Reporter: What makes you think God chose you [to change the world]?
Evan Baxter: He chose all of us.
We asked the wrong questions in life, which is why we arrived at flawed conclusions.
We asked if we could change the world.
God asks if we would change the world.
Allow me to pick up from the implications of where I left off in the previous post. Changing the world is more then just changing the surroundings; it is about changing a life. Everyone can change the world, starting with his or her own life. Frankly, I used to scorn all these life changes. I lament that God seems to show less of his power on this side of the testament after Jesus came back. The Old Testament had opening of seas, stopping of sun, turning back of time, overnight annihilation of armies… and on this side of time, we only have the transformation of lives. It feels as though God has toned down His powers.
Obviously, this is another one of my flawed understandings.

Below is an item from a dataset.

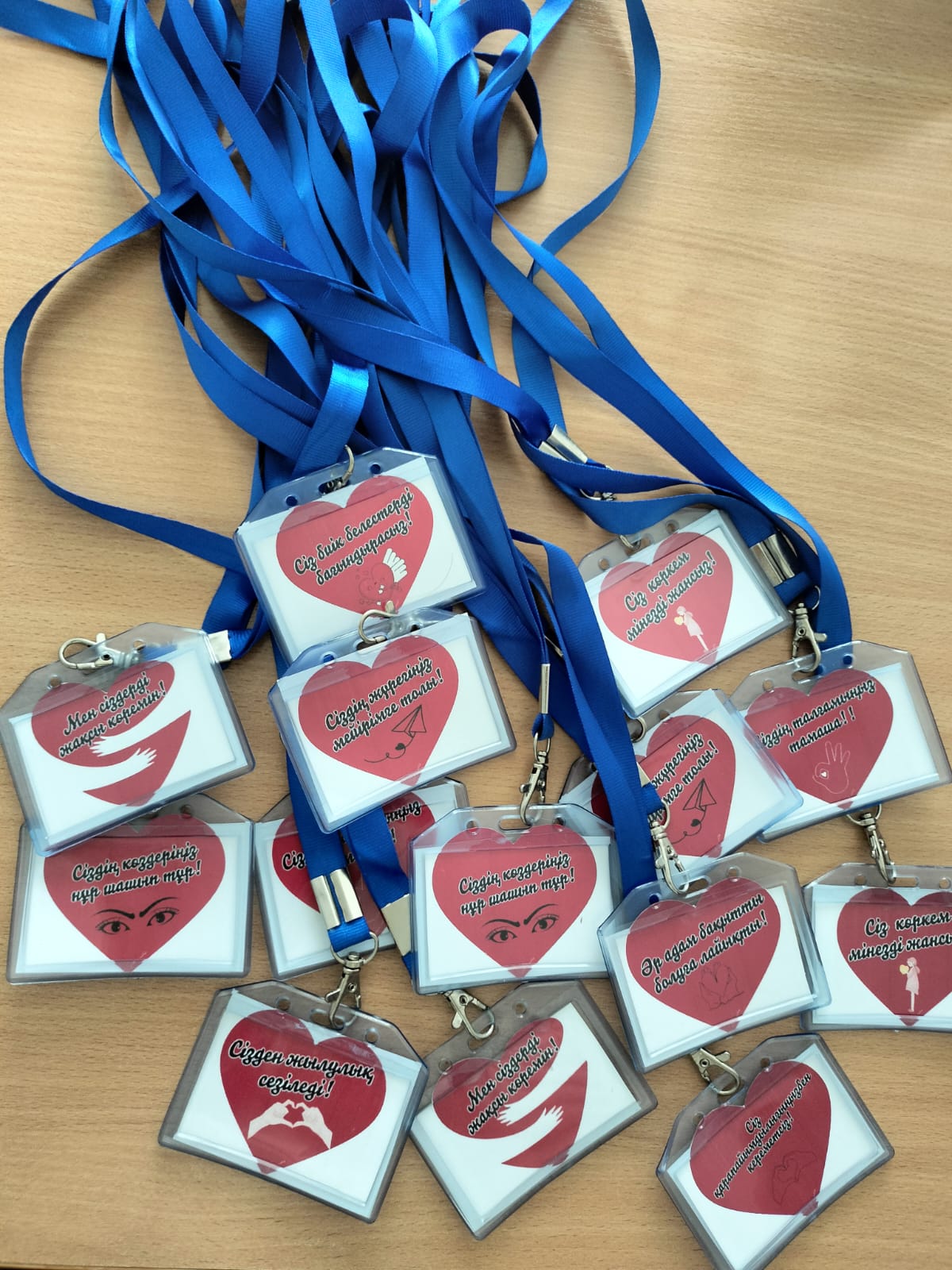Қатысушыларды шеңбер бойымен орналастырып, өздерінің есімдері мен есімдеріне сай қасиеттерін атау сұралады. Әр қатысушыға өзінің есімін және бойындағы қасиетін атағаннан кейін әдемі сөздер жазылған жүрекшелер салынған бейджиктер оқушылардың әрқайсысының мойнына кезекпен ілінеді.

In the Old Testament, despite God’s blatant display of power, those miracles failed to induce a change in the lives of the Israelites. Any repentance was temporal, done more out of fear of their own lives instead of the fear of God. In a way, the opening of the Red Sea was more of a supernatural atomic bomb; the surroundings changed, but the people didn’t. Yet though the death of Jesus, God achieved what no physical miracle could have done. He convicted the hearts of man and rescued them from damnation; He convinced them to repent. Clearly, a life-changed is a superior miracle compared to any supernatural miracle
God: Parting a soup is not a miracle, Bruce. It’s a magic trick. A single mom who’s working two jobs, and still finds time to take her son to soccer practice, that’s a miracle. A teenager who says “no” to drugs and “yes” to an education, that’s a miracle. People want me to do everything for them. What they don’t realize is *they* have the power. You want to see a miracle, son? Be the miracle.